The longest median duration of abnormal respiratory rates with RR < 11 min−1 was 28 min/24 h [IQR 4.0–121]. The cumulative durations of various circulatory vital signs were reduced compared to those of respiratory vital signs, ranging from medians of 0 min/24 h (all SBP thresholds) to 20 min per 24 h [IQR 3.0–43] for HR > 110 min−1 (Table 3). All patients had at least one episode of sustained abnormal vital signs; the most common were desaturation events; 85% had at least one episode of SpO2 < 80% ≥ 1 min. Fifty-five percent of the patients had episodes of RR > 30 min−1 ≥ 1 min.
The transitional care facility did not measure any vital signs during the monitoring period, but 55% of patients had their vital signs measured within 30 days of study enrollment. The most frequent abnormal vital sign was RR > 24 min−1, occurring in 25% of the patients, while RR > 30 min−1 and HR ˃ 110 min−1 were recorded in two patients (10%) (Table 3).
3.4. Complications and Readmissions
Eight patients (40%) developed at least one complication within 30 days of admission to the transitional care facility, including hyperglycemia, infection, and postoperative bleeding.
3.5. Patient Case
Figure 3 illustrates vital sign development during a patient’s monitoring period: several desaturation minutes (SpO2 < 92% for a total of 1366 min), minutes of tachypnea (RR > 24 min−1 for 544 min), and tachycardia episodes (HR > 110 min−1 for 2790 min and HR >130 min−1 for 818 min). The specific patient, an 83-year-old female, was admitted to the transitional care facility for physical rehabilitation following osteosynthesis of a femoral neck fracture. Eleven days after the continuous monitoring terminated, she was readmitted to the hospital with a urinary tract infection, severe dehydration, pulmonary embolism, and anemia (blood hemoglobin, 5.6 mmol/L). The transitional care facility measured vital signs seven times during the days before the readmission. No interventions were carried out prior to readmission. The length of the readmission stay was 29 days, whereafter the patient was discharged to the transitional care facility again.
4. Discussion
The current feasibility study showed that despite a low-staffed environment, CVSM was feasible in a median of 83% of the scheduled time with at least one device recording. The high rate of monitoring was mainly due to the ECG patch (median of 80% recording of the scheduled time), whereas the SpO2 device recorded only 33% of the scheduled time. The variation in recording time and missing data is comparable to that reported in other studies using the same devices [13,16,22]. Thus, in an observational method comparison study, continuously measuring HR and RR with the wearable devices SensiumVitals, HealthPatch, EarlySense, and Masimo, found missing data ranging from 13% to 34% for RR and 6% to 27% for HR [23].
One possible explanation for variation differences is the devices’ ease of use. First, the SpO2 device did not store recordings locally for later automatic transfer if patients were outside the Bluetooth range, resulting in the deletion of valuable records. Second, the ECG patch adhered to the skin and remained in place for the following 4 days. In comparison, patients reported increased discomfort with the SpO2 and BP devices (wrapped around the finger, becoming warm, tightening around the upper arm) and are probably more likely to remove them, as demonstrated by 30% of the patients removing the devices preliminarily. Furthermore, we do not know how the feasibility will be affected by longer durations but expect it to decline.
The median cumulative duration of abnormal vital signs exceeded 191 min per 24 h of monitoring. The prolonged desaturation periods, such as that for SpO2 <92%, with a median of 313 min/24 h, were somewhat expected based on previous reports in hospitalized patients [13,16,22,24]. Again, these findings occurred despite the relatively low SpO2 monitoring time of 33%.
Based on the above findings, a scalable approach, starting with ECG patches and adding additional devices in the event of deterioration, may be more feasible. This emphasizes the critical nature of comprehending the environment in which patient monitoring occurs.
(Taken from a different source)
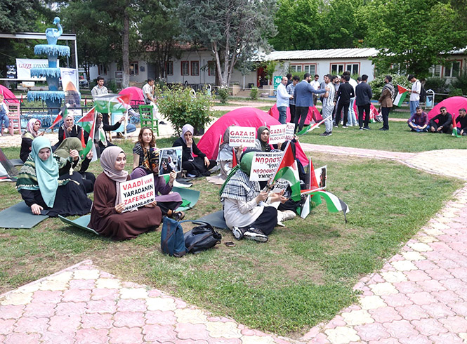 <div>Batman Üniversitesi öğrenci ve akademisyenleri, düzenledikleri kitlesel basın açıklamasıyla siyonist işgal rejiminin Gazze'de yaptığı soykırıma karşı ‘Kampüs İntifadası’ başlattı.</div> <div>Batman Üniversitesi Merkez Kampüsünde düzenlenen basın açıklamasına STK temsilcileri, üniversite öğrencileri ve akademisyenler katıldı.</div> <div>ABD ve Avrupa'daki üniversitelerde öğrenci ve akademisyenler, siyonist işgal rejiminin Gazze saldırılarına tepki gösterirken Türkiye'deki üniversitelerde de Gazze katliamına tepkiler gelmeye devam ediyor.</div> <div>Bu kapsamda Batman Üniversitesi'nde başlatılan ‘Kampüs İntifadası Çadır Nöbeti’ne katılan akademisyen ve öğrenciler basın açıklaması yaptı.</div> <div>Basın açıklamasını Öğrenci Toplulukları adına okuyan Taha Demir, 3 gün boyunca merkez kampüs bahçesinde Gazze'de yaşanan soykırıma ve katliamlara dikkat çekmek için çadırlarda nöbete devam edeceklerini belirtti.</div> <div></div> <div>"GAZZE'DE İNSANLIK KATLEDİLİYOR"</div> <div>7 Ekim'den bugüne terör şebekesi tarafından yapılan sistemli soykırımın, insanlık tarihinin en kanlı vahşetleri ile devam etmekte olduğunu belirten Demir, "15 binden fazla çocuğun, 10 binden fazla kadının öldürüldüğü, hastanelerin hedef alındığı, yeni doğmuş bebeklerin vahşice katledildiği insanlık tarihinin en kanlı soykırımına karşı yeryüzündeki her bir bireyin insanlık onurunun sesi olarak tepki vermesi insan olmanın temel gereksinimlerinden biridir." dedi.</div> <div>"İNSAN HAKLARI NEREDE”</div> <div>Tüm dünyanın gözü önünde çocuk, kadın demeden on binlerce masumun öldürülmesi ve iki milyona yakın insanın açlık ve kıtlıkla karşı karşıya bırakılmasından dolayı tepkiler gösterilmekte olduğunu belirten Demir, "Siyonizmin fonladığı siyasetçiler, devlet adamları bu tepkilere karşı şiddet uygulamaya başladılar. İnsani ve hukuki bir çerçevede gerçekleşen tepkileri şiddet yoluyla bastırmaya çalışan başta ABD ve Almanya olmak üzere Batı ülkelerini kınıyoruz. israil tarafından yapılan katliam ve soykırımların en büyük destekçisi olan ABD, Almanya ve diğer Batı yönetimlerinin bir yandan tüm dünyaya insan hakları, ifade özgürlüğü ve demokrasi dersi verirken, diğer yandan kendi içerisinde insanlık tarihinin en büyük vahşetlerinden birisine karşı insani tepkilerini gösteren öğrenci ve akademisyenlere yönelik sergilediği sert ve tahammülsüz tavrı kabul edilemez bulduğumuzu kamuoyuna ilan ediyoruz." ifadeleri kullanıldı.</div> <div>"İNSANLIĞIN SESİ OLARAK TEPKİLERİNİ ORTAYA KOYAN ÖĞRENCİ VE AKADEMİSYENLERİ SELAMLIYORUZ"</div> <div>Tüm dünyada insanların siyonistlerin Gazze'de yaptığı soykırımına kaşı büyük tepkiler ortaya koyduğunu belirten Demir, konuşmasına şöyle devam etti: "Son olarak ABD’de bulunan seçkin üniversitelerde öğrenci ve akademisyenler Gazze’de 200 günü aşkın süredir devam eden israil soykırımına karşı onurlu bir direniş başlatmıştır. ABD'de bulunan üniversitelerde başlayan ve 'Kampüs İntifadası' olarak ifade edilen eylemler, dünyanın farklı ülkelerinde bulunan seçkin üniversitelere yayılarak küresel bir tepki haline dönüşmüştür. Bizler de buradan bu onurlu tepkiye desteğimizi ilan ediyoruz. israil tarafından Gazze’de yapılan sistemli soykırıma karşı durmak adına insanlığın sesi olarak tepkilerini ortaya koyan öğrenci ve akademisyenleri selamlıyor ve Batman Üniversitesi öğrencileri ve akademisyenleri olarak kendileri ile dayanışma içerisinde olduğumuzu ilan ediyoruz." </div>

Although recovery in a transitional care facility may have several advantages (single rooms, improved sleep, and a greater emphasis on physiotherapy), the centers are not designed, equipped, or staffed to detect and treat deteriorating patients who are declining, and the risk of missing late severe complications increases when vital signs are not routinely monitored. The results support this, with few abnormal vital signs being recorded by the transitional care facility in the 30-day period after study inclusion. This was further highlighted in the patient with prolonged periods of respiratory and circulatory abnormal vital signs. Such a patient would have been flagged for diagnostic work-up given the same vital sign deviations.
The complication and readmission rate of 40% is comparable to studies exploring the complication and readmission frequency in patients [4,25,26], considering that most patients had at least two comorbidities. Furthermore, a recent Danish cohort study found that 20% [95% CI 20.1–20.6%] of elderly patients with short hospital admissions were readmitted within 30 days and that heart failure, chronic obstructive pulmonary disease, dehydration, etc., were associated with increased risk of readmission [27]. Severe complications are associated with an increased risk of mortality [3], and our results corroborate a previous study regarding discharge disposition. Elderly patients discharged to an institutional care facility had a higher 30-day (4.3% vs. 0.4%), 90-day (12.6% vs. 1.4%), and 1-year (22.2% vs. 5.9%) postoperative mortality compared to those discharged home with self care [28]. Finally, recent studies have shown the superiority of CVMS not only in detecting deviations but also in significantly impacting patient outcomes regarding reducing adverse events bot in a large case–control study [18] and a recent RCT with 10% absolute adverse event reduction resulting from CVSM vs. intermittent manual monitoring [19].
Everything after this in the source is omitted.